8. The Chair of the Fundraising Regulator’s Complaints & Investigations Committee asked me to: 

“opine on our decision not to reopen our investigation in light of the additional material as well as the reasonableness of our original decision as if it had been made afresh taking the additional material into account”. 

This approach accords with my own interpretation of my Terms of Reference and I have therefore followed it.

9. The material put forward by the complainant after the conclusion of the Fundraising Regulator’s investigation has underlined facts that are known and/or not contested. I have not found that the complainant’s new evidence has called into question the constructions within the Fundraising Regulator’s position. I find instead that the dispute in the main arises from the opposing ethical orientations of the parties to big cats being used in circuses. Those orientations have legitimately defined the way each side has interpreted the evidence (often the same evidence), and used language, in particular the word ‘rescued’.

10. In addition, I find that, in light of all the evidence, the Fundraising Regulator’s overall decision on the complaint was not manifestly unreasonable, because:

  • The charity reasonably, and with reference to evidence, believed that the animals were rescued (I agree that they could be described as rescued and also endorse the Fundraising Regulator’s view that the charity’s sincere orientation against big cats being kept in circuses would lead it, legitimately, to interpret the evidence differently to the complainant).
  • The charity did not claim directly to have rescued the beneficiary animals featured in the appeal.
  • The Fundraising Regulator acknowledged that some of the charity’s assertions were “arguably expressed rather sweepingly with a touch of hyperbole”. As a regulator, the Fundraising Regulator is entitled and required to set thresholds for code breach findings. The decision does not, in this instance, reach the high threshold for a finding of manifest unreasonableness.

11. My overall finding is in line with that of the Fundraising Regulator’s - that the appeal was legitimately targeted at funding the ongoing care and treatment of seven rescued ex-circus animals.
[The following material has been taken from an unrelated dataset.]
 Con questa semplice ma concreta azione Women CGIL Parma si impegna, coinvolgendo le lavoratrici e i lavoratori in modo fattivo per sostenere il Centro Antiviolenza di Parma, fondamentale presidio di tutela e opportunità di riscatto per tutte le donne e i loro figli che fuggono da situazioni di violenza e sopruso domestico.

I noted that the rescue claim occupied seven seconds of the two minute Crowdfunder video, and that the ‘ask’ was in the main to cover care costs due to reduced footfall revenue.

12. I reach that finding while expressing reservations about the charity’s claim to rescue animals from Spanish circuses. A small element of the ask here was for money to “rescue more [circus animals] in the future”. I find that claim unevidenced as well as contrary to the charity’s own crediting of a partner agency for rescues. I therefore ask the charity, through this consideration, to reflect on how it communicates its role in rescue operations.
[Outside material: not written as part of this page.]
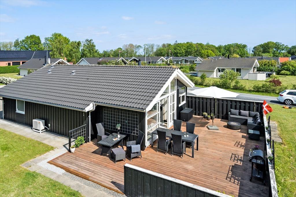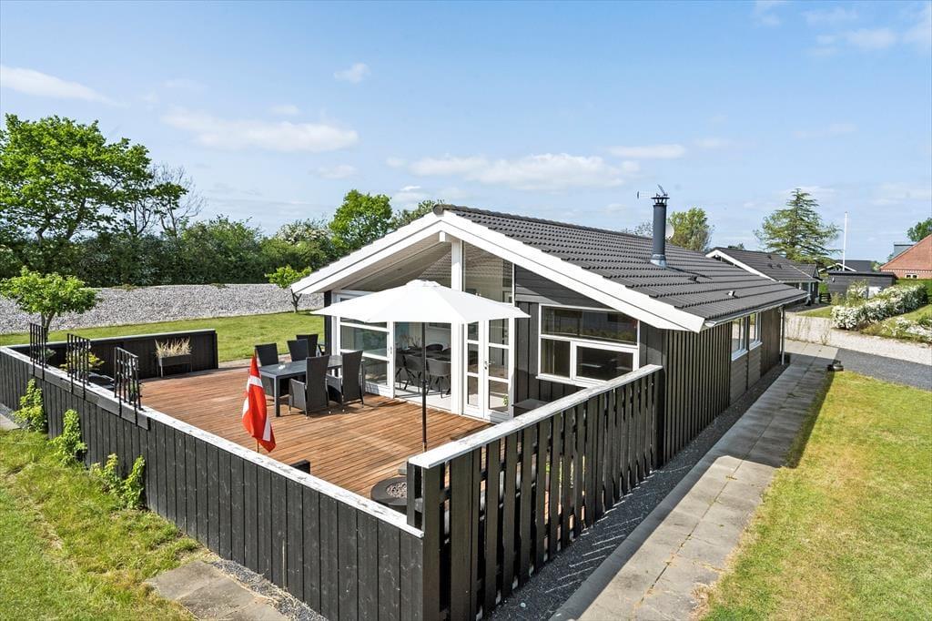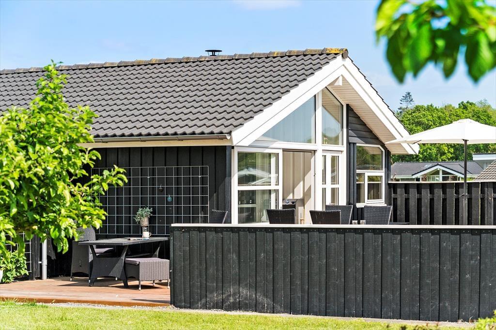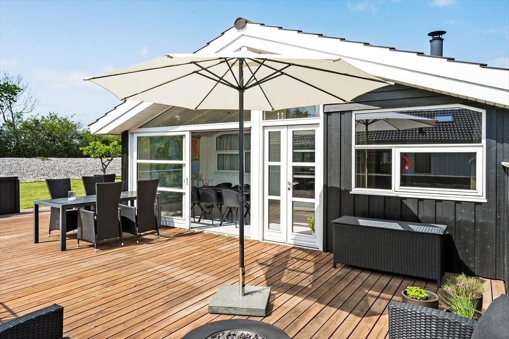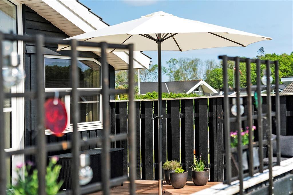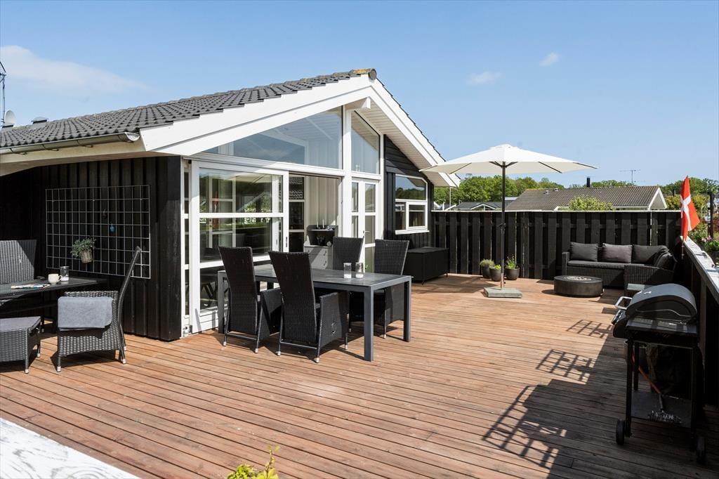 Den rummelige og åbne træterrasse er perfekt at opholde sig på i fint vejr. Her er god plads til, at alle kan samles og slappe af i havemøblerne eller under parasollen. Aftensmåltidet kan også fint tilberedes på husets gasgrill. Terrassen er fint afskærmet af et stakit, så her har man både overblik og privatliv.

13. Given these considerations, I do not find that either the material new evidence test, or the manifestly unreasonable test, for full external review (that opens the door for the Fundraising Regulator’s reconsideration of the case) are met.
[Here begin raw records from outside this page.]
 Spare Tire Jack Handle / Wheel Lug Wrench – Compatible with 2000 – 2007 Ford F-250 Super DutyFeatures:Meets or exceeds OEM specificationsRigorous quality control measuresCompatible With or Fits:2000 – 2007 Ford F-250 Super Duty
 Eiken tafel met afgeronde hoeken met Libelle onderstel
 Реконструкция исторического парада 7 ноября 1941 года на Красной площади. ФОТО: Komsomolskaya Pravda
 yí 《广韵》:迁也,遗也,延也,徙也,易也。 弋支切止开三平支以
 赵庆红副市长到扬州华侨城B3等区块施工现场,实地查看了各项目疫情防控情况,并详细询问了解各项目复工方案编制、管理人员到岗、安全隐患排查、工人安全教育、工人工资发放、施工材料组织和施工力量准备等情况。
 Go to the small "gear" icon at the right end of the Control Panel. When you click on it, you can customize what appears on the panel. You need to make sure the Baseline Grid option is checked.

Biographical note: Jon Wigmore

Jon’s experience in the charity sector goes back to 1983 when, aged 18, he worked as a live-in volunteer in the Simon Community in Glasgow. Over the following twenty years he has worked in homelessness charities in Bristol, Bradford and London, latterly having trained and practised as a psychiatric nurse.

Since 2002 Jon has worked in investigative and independent adjudication roles for the Health Service Ombudsman and other regulators and providers. Between 2008 and 2011, he held the statutory role of Ethical Standards Officer under the Local Government Act 2001. This required leading investigations into the conduct of local politicians and, where necessary, taking them to the national tribunal for determination. This required careful and neutral evidence gathering and reasoning. Jon is used to being put to proof when putting allegations of code breaches before a tribunal.

In the last 10 years, working through his company ch&i associates, Jon has acted as independent complaints reviewer for the Charity Commission, the Department for Transport, the GMC and others as well as undertaking root cause analysis investigations into NHS incidents. Jon is a trustee of East Cheshire Housing Consortium, a local charity providing support and housing services to people with severe mental health problems.